Based on the responses of more than 13,000 participants, the 2021 Digital Trends report makes four key recommendations for CMOs and customer experience leaders looking to lead the recovery in 2021 — addressing the mind, body, heart and spirit, respectively, of the modern organisation.
1. Take a strategic stand
Nearly 70 percent of respondents who are pessimistic about their company’s prospects for growth in 2021 believe their organisation is in reactive mode and lacking a strategy, the Digital Trends report found.
Meanwhile, three in four respondents report that marketing has increased its influence in the boardroom as executive teams look to understand and cater to new customer behaviours.
The opportunity for CMOs and digital leaders is to translate their fluency with customer data and insight into strategic activity that can help develop new revenue streams.
“They will keep their place [in the boardroom] with deep customer insights and a specific point of view on how to act on them,” says Adobe’s Chief Technology Advisor Scott Rigby.
He cites Adobe customer Accent Group as a great example. The retailer operates shoe brands such as Platypus, Hype DC and The Athlete’s Foot, and boosted online sales by 69 percent last financial year, growing profits by 7.5 percent despite the pandemic.
During lockdown periods, the company focused on online and fulfilment, converting its retail outlets into “dark stores” to fulfil online orders, in the process growing its contactable database by more than 40 percent to 6.8 million.
Then-chief digital officer Mark Teperson, whose remit included omnichannel, marketing, ecommerce, merchandise and CRM, drove online sales growth at Accent Group during the pandemic. He has since been headhunted to be chief strategy officer at fintech Afterpay.
Actions for CMOs:
CMOs who want to retain their seat at the leadership table need to build a position of strength based on a foundation that should consider:
- A robust ecommerce strategy
- Cloud-based data management that integrates data silos
- A focus on marketing attribution to understand the link between online activity and offline sales.
2. Develop the connective tissues between insight and action
Customer experience leaders are more than twice as likely as the average to have significant insights into new customer journeys, and they are better able to identify friction points, the Digital Trends report indicates. They are also three times more likely to be adept at building experiments to test those insights in the field.
India’s largest online beauty store Nykaa focused on selling essential personal care items during pandemic-related lockdowns, pivoting its ecommerce strategy to facilitate hyperlocal deliveries from its physical stores. It has also invested heavily in the digital customer experience, offering more than 850 curated online customer journeys.
“We have been an omni-channel retailer, and are reaping the benefits of the investments we made to push this strategy,” says Founder and CEO Falguni Nayar.
The company has invested in a comprehensive content marketing strategy based on “education, curation and personalisation” to build trust with customers, resulting in a 15 percent bigger basket size for content consumers.
In general, executives rank agility as the second most important organisational quality, with “innovation” placing first. The one in five respondents who rated their organisation as “very strong” in their speed of gaining accurate insights were more likely to be able to justify and attract an increase in marketing budget, the Digital Trends report found.

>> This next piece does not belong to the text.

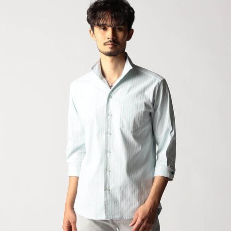 衿端にワイヤ−を仕込んだスタンド・イタリアンカラ−シャツ。袖丈は肘下の7分丈デザイン。カフス裏や裾裏には裏面のストライプ柄を使いアクセントになる様にしています。生地の配色とリンクした釦も、ちょっとしたアクセントになっています。

Chaminda Ranasinghe, Chief Experience Officer at higher education institution RMIT, says the role of marketers and experience leaders has expanded in recent times as the broader organisation has understood the importance of responding quickly to changed customer expectations.
“We’re having to do a lot more research and data gathering and turn those into meaningful insights,” Ranasinghe says.
The marketing team uses agile, contemporary working methods that include independent, cross-functional teams focused on particular audiences, developing hypotheses, conducting experiments and releasing minimum viable products.
In one example, Ranasinghe says the marketing team trialled a range of incentives, from smaller class sizes to more hands-on support, for students who came to RMIT to do an associate degree. In the end, offering a guaranteed place in a related degree if the student maintained their grade was the most effective offer. As a result, the number of offers involving guaranteed pathways rose from 50 in 2019 to almost 1000 in 2020 despite the pandemic.
Actions for CMOs:
CMOs and CXOs who want to strengthen the connective tissue and speed between insight and action should consider:
- Customer journey mapping that identifies and addresses friction points in the journey
- Agile teams conducting test-and-learn experiments based on data-driven hypotheses.
3. Focus your organisation’s customer empathy
Understanding how people feel is an “essential but often overlooked” part of the customer experience, according to the Digital Trends report. Customer experience leaders are more than twice as likely to have insight into the mindset of customers throughout the journey.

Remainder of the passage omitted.